I wonder if the answer isn't seen in Paul's model of ministry. He always has a young apprentice with him who he is training up to eventually send elsewhere but alongside that he looks for leaders from among the churches. So he tells Titus to appoint men from the church as elders, it is the same model he and Barnabas used when returning after their first missionary journey.

The answer to the problems growth brings may not be more paid staff, it may be more teams working within a congregation. Maybe a pastoral visitation team, or a youth team, or whatever else. These are then overseen by the elders. It also has the added benefit of drawing peopel in from the fringe to be part of these teams.

It has the great benefit that it is growing leaders from within the church and growing disciples as it works.

Wednesday, 20 February 2008

A Barrier

One of the barriers to growth is that we automatically drift into a maintaining the status quo mentality. We don't mean to do it; we want to see people join the church and see those in the church mature in their faith, but we just like things the way they are. Why do we need to try it this way when it has always worked so well doing... The young tend to think this is a failing of the old, but actually its a failing of all of us - sometimes the young are most trenchant because they have always aspired to be in a certain group. We like what we like and we do not relish change. We like to feel comfortable and sometimes growth unsettles us and brings change with it.

Say you are in a church of about 40 people, you will know everybody by name and the church is built on those relationships. What happens when 10 new people join? It's great the growth we have prayed for is realised, but what if those ten have different ideas and ways of doing things? What about the changes in dynamics it brings, will I know everyone in the same way, will it alter existing relationships?

What about the additional pressure it puts on the church leaders meaning they spend less time with those who were there originally? All these are consequences of growth, and I am not saying growth is a bad thing, but that our attitudes can be a barrier to growth.

We need to be prepared to pray for and welcome growth both as a result of mission and maturity and the changes that it brings.

Tuesday, 19 February 2008

Barriers to growth

A Christian organisation used to have the twin goals of mission and maturity. It was so memorable that even now, ten years on, I can still tell you what its goals were and explain what it meant by them. They are thoroughly biblical goals for the individual believer but also for the church. We want to see people individually and collectively (I'm not sure you can do one without the other - we grow individually as we grow collectively) in their discipleship. As they do so they naturally live lives and speak words that are not just missionary, but missional (a life saturated with the breaking news about Jesus).

But what is it that stops this happening? I guess there are a number of things, but what about at an organisational level in the church?
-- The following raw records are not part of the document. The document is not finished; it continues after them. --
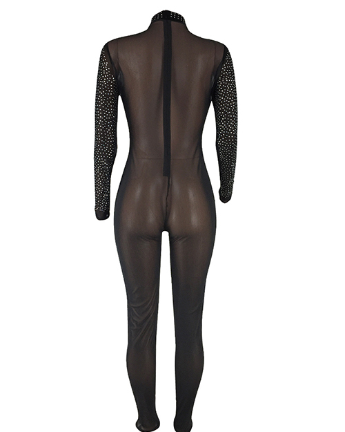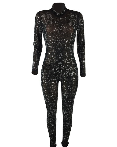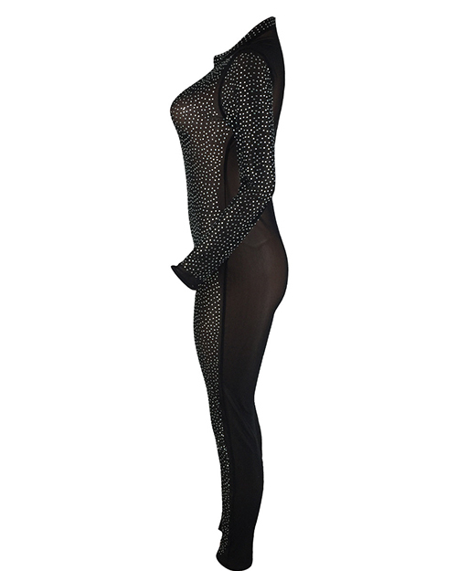 Trendy Turtleneck See-Through Hot Drilling Decorative Black Polyester One-piece Jumpsuits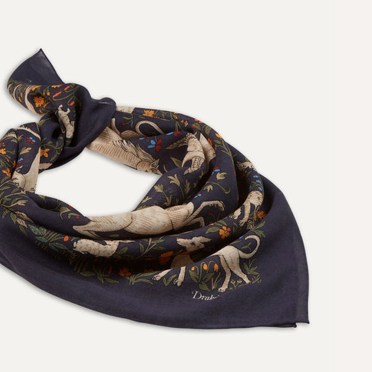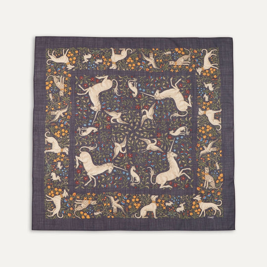 Taken from our extensive design archive, this unicorn motif has been vividly applied to a blend of pure wool and silk for a elegant and comfortable defence from a cold snap.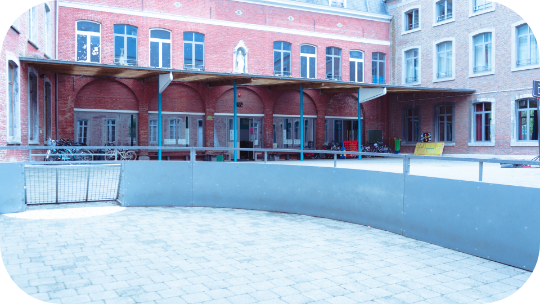 Spelen is essentieel voor de ontwikkeling van kinderen. Onze speelplaats biedt diverse speelmogelijkheden zoals een powerplaysoccerkooi, steps en spelkoffers. Kinderen kunnen ook kiezen voor rustige activiteiten zoals tekenen of lezen. Leerlingen met specifieke noden krijgen extra begeleiding tijdens de speeltijd.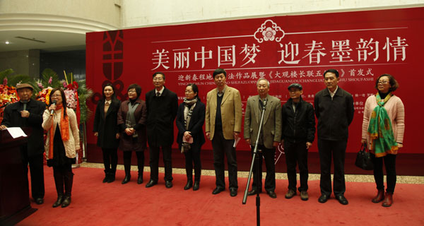 22,“美丽中国梦、迎春墨韵情”迎新春程地超书法作品展暨《大观楼长联五体书》首发式在省图书馆举行,此次活动由昆明市文学艺术界联合会主办,云南省图书馆、云南民族文化交流中心、昆明玉云翔文化传播有限公司,昆明真庆文化旅游开发经营有限公司承办,展期将持续到29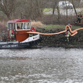 Eine Gewässerverunreinigung forderte am Dienstagmorgen die Einsatzkräfte der Lauenburger Feuerwehr. Mitarbeiter der Werft war die Verschmutzung aufgefallen, sie alarmierten sofort die Feuerwehr über den Notruf 112. Wehrführer Lars Heuer erkundete die Lage, forderte rasch seine Mitglieder nach. Das Arbeitsboot wurde besetzt, gleichzeitig brachte die Besatzung des Unimog auch das Rettungsboot zu Wasser. Von Land teilten sich die Mannschaften von HLF und TLF auf. Die Besatzung des Gerätewagen Öl hat derweil die benötigten Ölsperren ab, welche durch die Boote und die Mannschaften an Land in Stellung gebracht wurden. Gemeinsam mit der Wasserschutzpolizei aus Niedersachsen koordinierte Einsatzleiter Heuer seine Kräfte. Bei dem Einsatz stellte die Hitzler Werft dankenswerter Weise ein zusätzliches Arbeitsboot zur Verfügung. Nach rund 2 Stunden konnten die Einsatzkräfte an der Wache wieder aufklaren.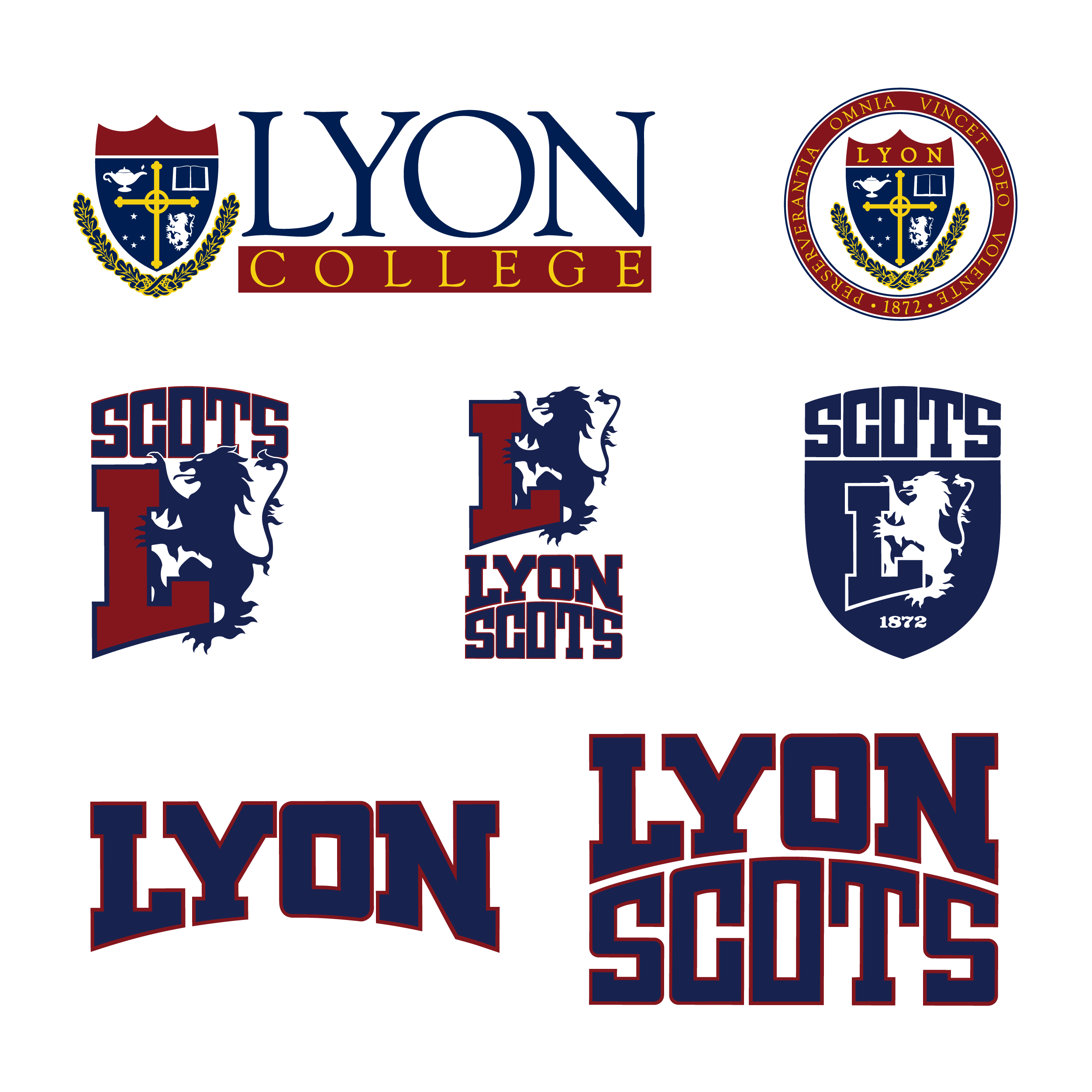 The Primary Athletic Mark is made up of two parts: the 'L' and a rampant lion. The 'L' is pulled directly from Lyon Brand Mark. The lion rampant is from the college seal. A symbol of bravery and strength, the lion rampant exudes honor and tradition while directly reflecting the history and Scottish heritage of the College. This logo can be used on official documentation, letterhead, and business cards. This logo works best when paired with the Lyon Brand Mark. The Athletic Mark is for use by Athletic and Affinity/Club sports only.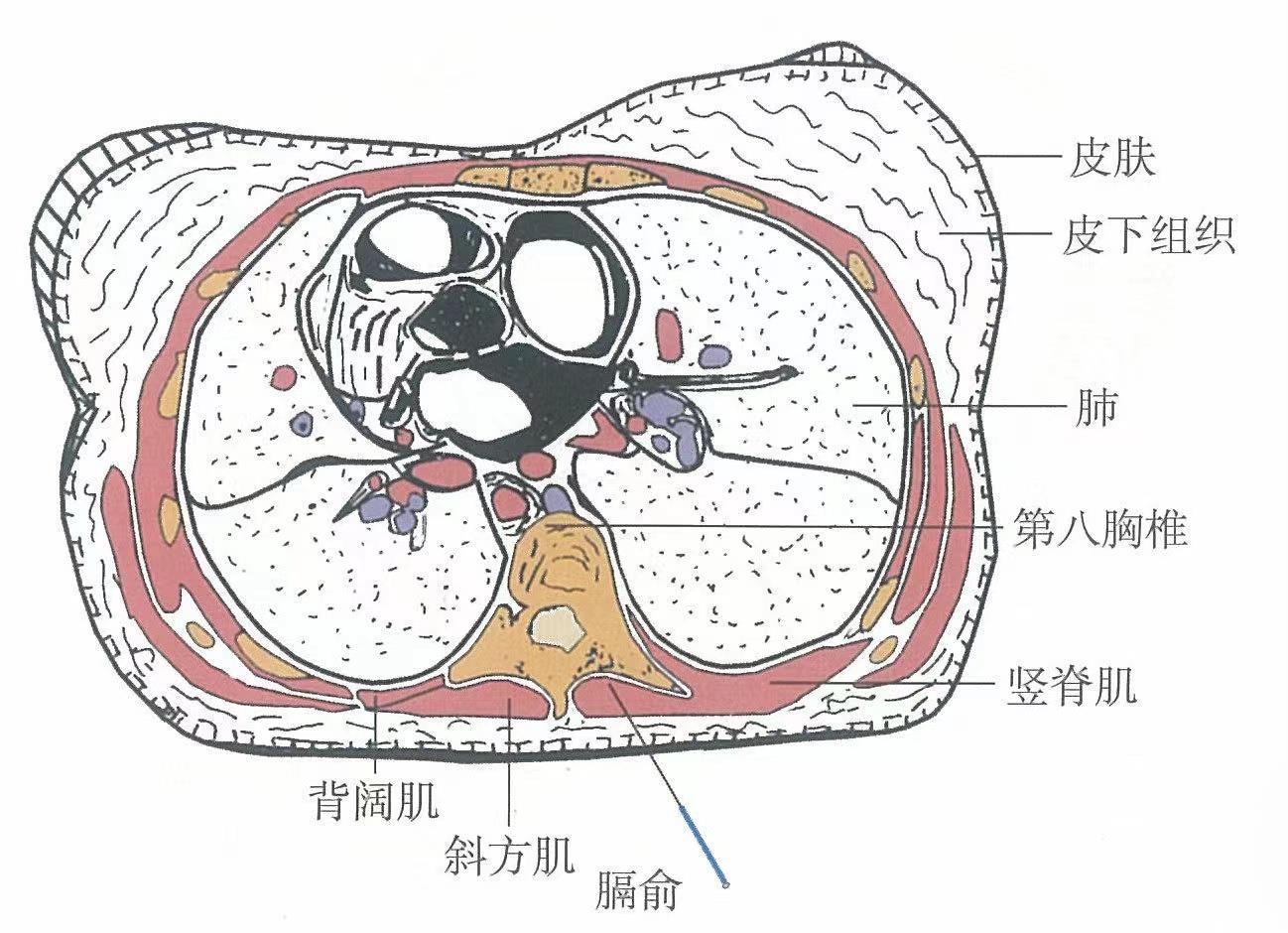 【解剖】皮膚→皮下組織→斜方肌→背闊肌→豎脊肌。淺層布有第7、8胸神經(jīng)后支的內(nèi)側(cè)皮支和伴行的動(dòng)、靜脈。深層有第7、8胸神經(jīng)后支的肌支和相應(yīng)肋間后動(dòng)、靜脈背側(cè)支的分支或?qū)僦А?br />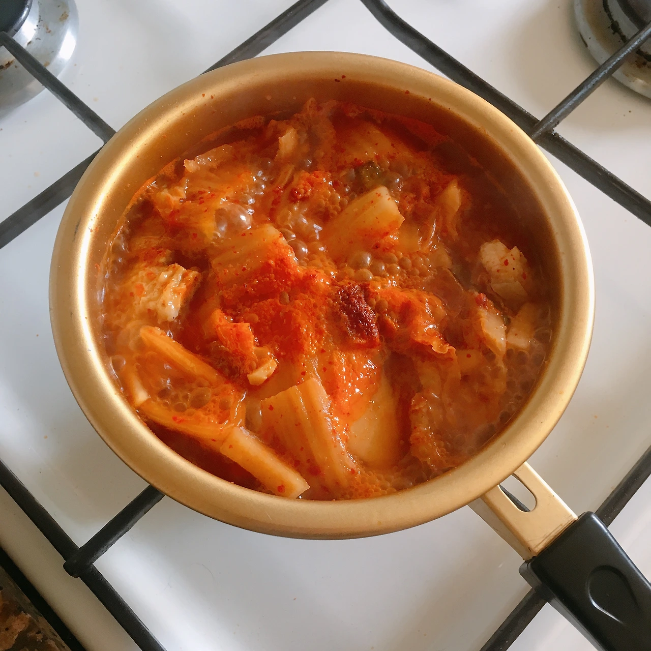 남은 돼지고기는 김치와함께 김치찌게로 만들어 먹었다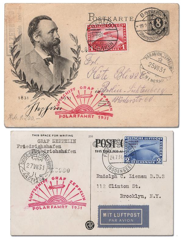 1933 (May 29), Italy Flight, Rome - Friedrichshafen Return (Michel 303 F), matched card and cover, the card franked with a 15L Zeppelin and an Italian Colonies 2.75L Pictorial (Scott 29) canceled by one of two May 27 Bengaz c.d.s.s, addressed to Brooklyn, N.Y. with no further postal markings;; the cover is similarly franked and postmarked, except with a 12L Zeppelin instead of a 15L and address to Pernambuco; each bears the identical manuscript instructions for carriage from Rome to Friedrichshafen. Both bear enough postage to be carried to their addressed destinations, but, apparently, neither made the trip., Very Fine. A curious pair.(Image)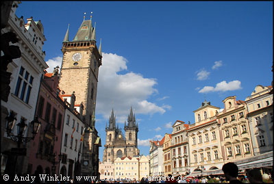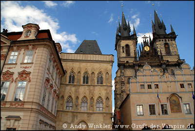 Ich schlenderte durch verwinkelte Gassen mit hohen Häuserfassaden, die an eine Mischung aus Edinburgh (Schottland) und Cluj-Napoca (Rumänien) erinnerten, und kam so zum Altstädter Ring. Schon im Mittelalter war er ein wichtiges Zentrum der Stadt und noch heute sind die bunten Bürgerhäuser jener Zeit zu bewundern. 1422 wurde hier der Anführer der Hussiten, Jan Zelivsky, hingerichtet, knapp 200 Jahre später insgesamt 27 tschechische und deutsche Adlige. Auch war der Altstädter Ring Schauplatz einer der berühmten Prager Fensterstürze: Am 30. Juli 1419 warfen protestierende Anhänger der hussitischen Lehre die Stadtoberen aus dem Rathausfenster, geradewegs in die Spieße und Lanzen der unten wartenden Menge. Das war der blutige Auftakt zur hussitischen Revolution. Der zweite und folgenschwerere Prager Fenstersturz ereignete sich am 23. Mai 1618, als protestantische Adlige zwei Stadthalter samt Sekretär seiner katholischen Majestät Ferdinand II aus dem Fenster der Prager Burg warfen und so den Dreißigjährigen Krieg herbeiführten. Die beiden Stadthalter überlebten übrigens, da sie in einem Misthaufen landeten ;-)

In Acts we see the fledglingly church and it grows phenomenally in the early chapters. As a result of its growth it encounters the threats of external persecution, internal corruption (ch5) and in chapter 6, perhaps the most subtle, logistics. The result is grumbling as some of the widows complain about being overlooked in the distribution of food.

It is a logistical problem but it threatens to decimate the missional living of this new community, of God's new community. Why? Because it will stop the growth, it will blunt the gospel edge, it will distract the Apostle from prayer and preaching.

Do we face similar barriers? What are they?